Shear behaviour of large-scale rubberized concrete beams reinforced with steel fibres

The present work was conducted to investigate the influence of crumb rubber (CR) with/without steel fibres (SFs) on shear behaviour and cracking of large-scale self-consolidating and vibrated concrete beams with no shear reinforcement. Twelve beams were developed with variables including different replacement levels of fine aggregate volume by CR (0%-35%), SF volume fractions (0%, 0.35%, and 1%), and SF lengths (35 and 60 mm). The fresh and mechanical properties of the developed beams' mixtures were measured, and the performance of the tested beams was evaluated based on cracking behaviour, ultimate shear load, post-diagonal cracking resistance, and toughness.

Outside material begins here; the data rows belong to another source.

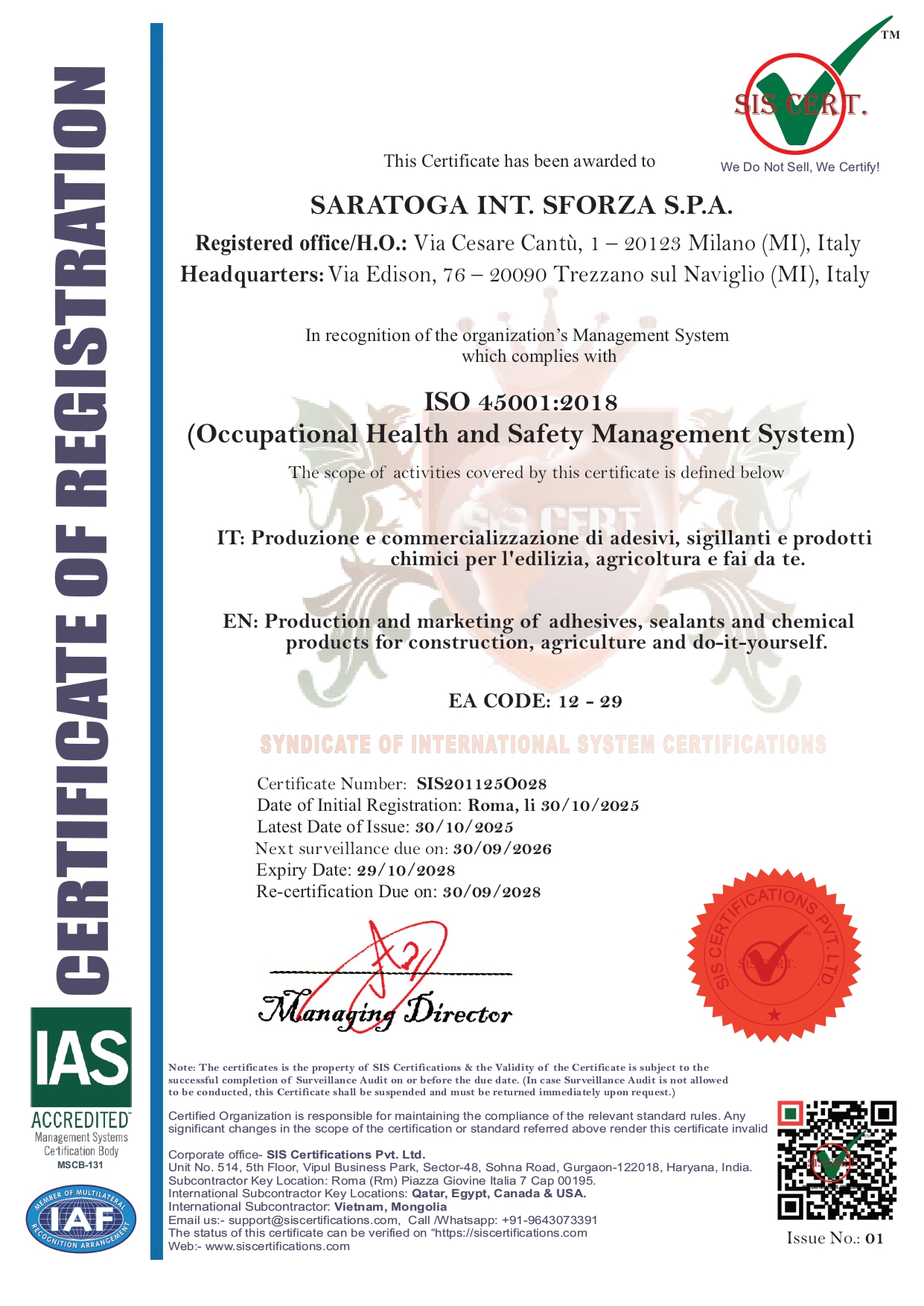 Στη Saratoga εφαρμόζουμε το πρότυπο ISO 45001:2018, το διεθνές πρότυπο για τη διαχείριση της υγείας και της ασφάλειας στην εργασία. Αυτό το πρότυπο μας καθοδηγεί στην πρόληψη ατυχημάτων και επαγγελματικών κινδύνων, δημιουργώντας ένα ασφαλέστερο και πιο προστατευμένο εργασιακό περιβάλλον για όλους.
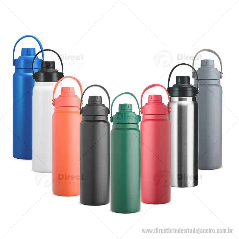 Garrafa térmica em inox com capacidade de 800 ml, desenvolvida com parede dupla e isolamento a vácuo para conservar a temperatura das bebidas por mais tempo. Possui tampa plástica rosqueável com proteção para o bocal e alça integrada, garantindo praticidade e segurança no transporte. Ideal para o uso diário. - - DRTJJGAT162
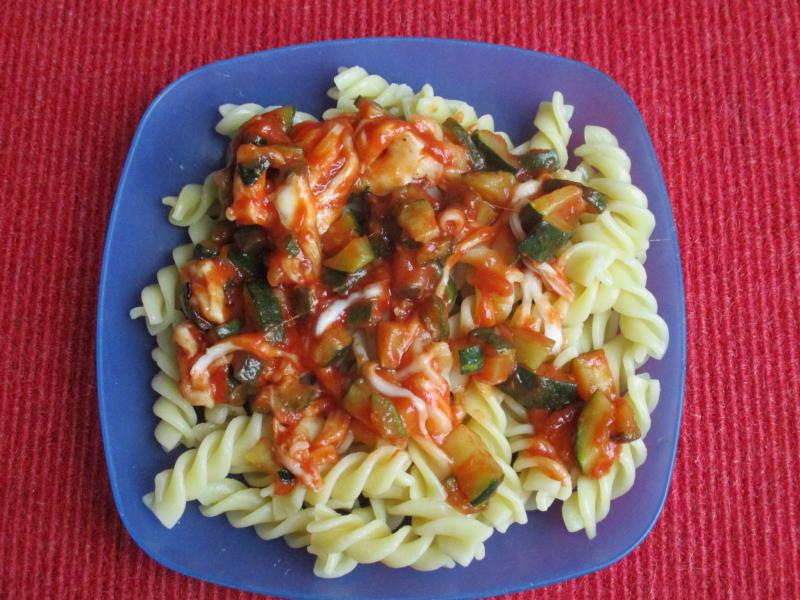 Hier Spirellen mit Zucchini, passierte Tomaten und Zopfkäse.
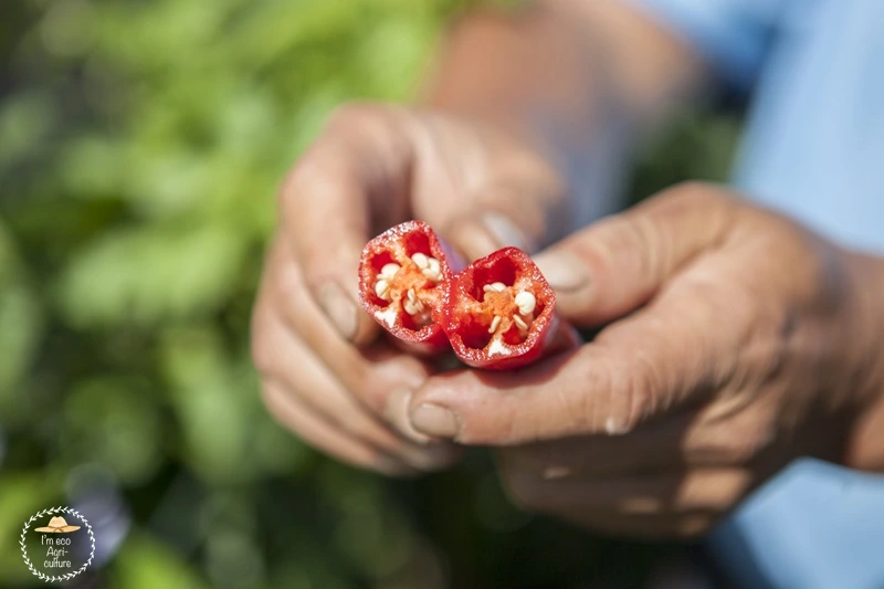 고추를 비롯해 사과, 배추, 당근, 쌀 등 12가지 과일과 채소를 모두 유기농으로 재배하고 있다. 유기농 농가는 많지만 이렇게 다양한 작물을 모두 유기농으로 재배하는 곳은 많지 않다고 한다. 그가 친환경 농업에 얼만큼 노력과 열정을 기울였는지 짐작할 수 있다. 이 가운데 고추는 약 500평 정도에서 수확하고 있다. 고추는 병해충에 약해 유기농으로 재배하기 쉽지 않은 작물이다. 특히 해발이 높은 노지에서 재배하는 유기농 고추는 더욱 드물다.
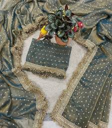 Grey moss silk with jecquard butti saree with unstitched blouse
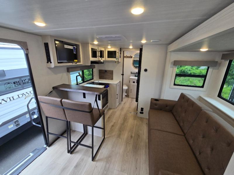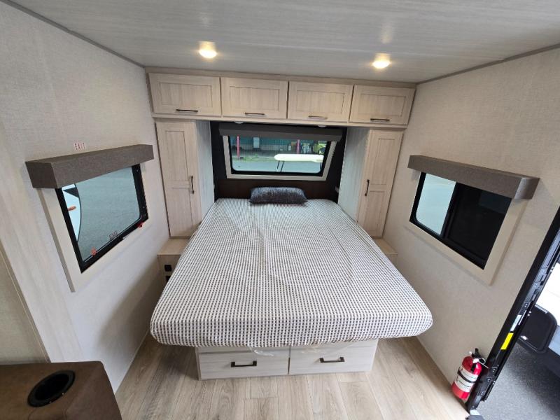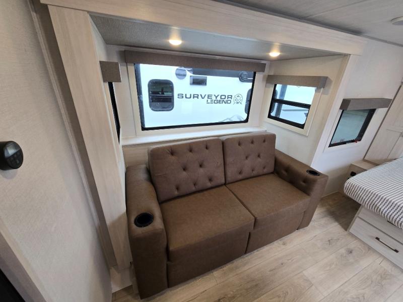 Hit the road with this Surveyor Legend trailer in tow, featuring a tri-fold sofa slide for added seating, sleeping, and interior space. You will also love the breakfast bar with two stools for dining. The queen bed up front will provide a great night's rest, and there is overhead storage at the head of the bed along with dual wardrobes for your things on either side. If you have an overnight guest or two little ones, they can sleep on the tri-fold sofa slide, and everyone will appreciate the privacy of the full rear bath. You will have everything needed each day to prepare meals, including a two burner cooktop, a convection microwave, and refrigerator for your perishables. The pass-through storage will be be perfect for fishing poles, outdoor chairs, yard games, plus there is additional outdoor storage along the rear curbside for your hiking gear!
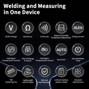 - OLED-дисплей на лицевой стороне корпуса четко отображает все рабочие параметры, включая текущую температуру паяльника, выбранные режимы мультиметра и уровень заряда аккумулятора.
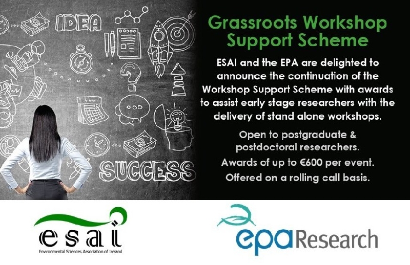 The ESAI, in partnership with the EPA, provides a funding award of €600 to assist postgraduate and postdoctoral researchers organise an event in the broad environmental research area. The ‘Grassroots’ funding helps to enhance dissemination of research, facilitate knowledge exchange and the development and exposure of early career researchers. New collaborations can be formed through the ‘Grassroots’ award process. This type of event (it can also be a workshop) are a key networking tool, and an opportunity for early-stage researchers to increase their profile within and beyond their own field of study.
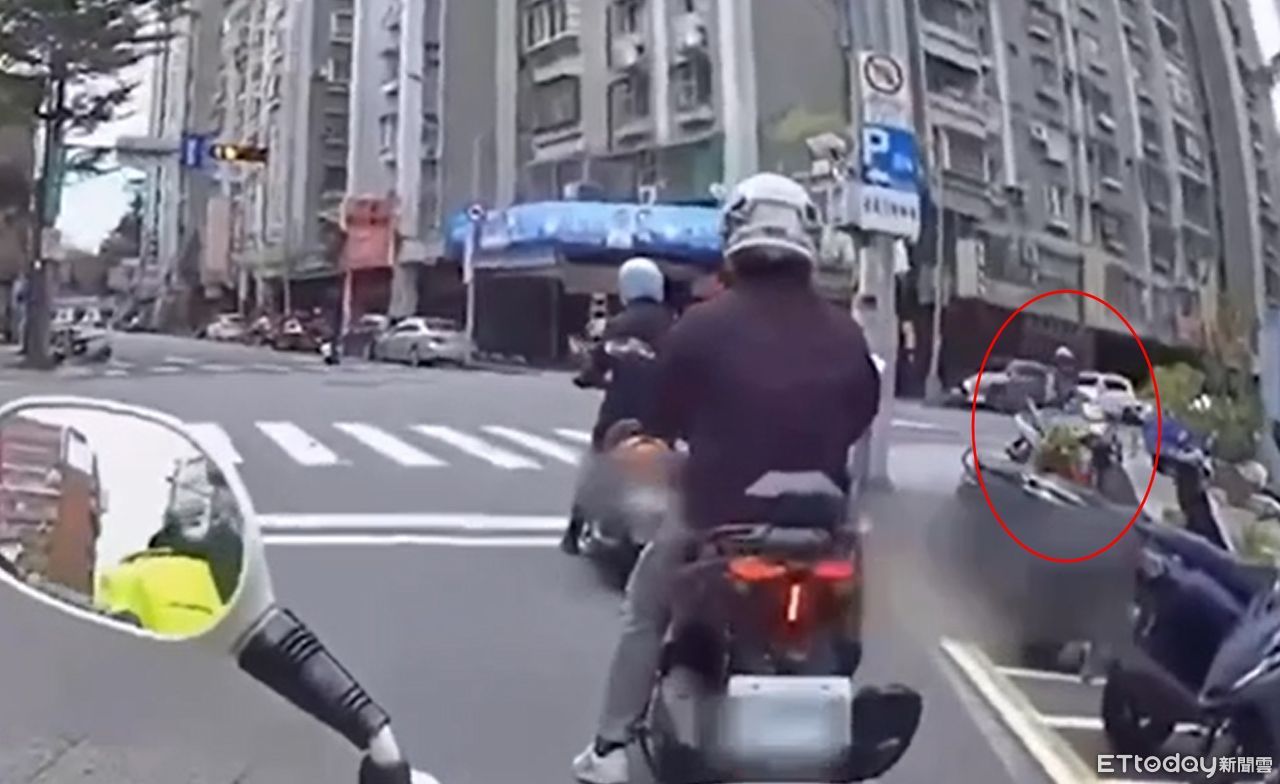 ▲林男無照騎車上人行道被開單(紅圈),又被抓包酒駕。(圖/記者邱中岳翻攝)

In general, increasing the CR content from 0% to 25% in self-consolidating concrete (SCC) showed a negative impact on their fresh and mechanical properties, ultimate shear load, post-diagonal cracking resistance, and toughness of the tested beams, but showed an improvement in the deformability and self-weight of concrete. However, optimizing acceptable SCC mixtures with CR and SFs alleviated the reductions in strength that resulted from adding CR and significantly improved the beams' toughness, ductility, and cracking behaviour. Since the challenge to optimize mixtures with high flowability and passing ability was not a factor in developing vibrated mixtures, it was possible to develop vibrated rubberized concrete mixtures with higher percentages of CR and SFs, providing beams with further improvement in ductility, ultimate shear load, deformability, toughness, and with further reduction in self-weight.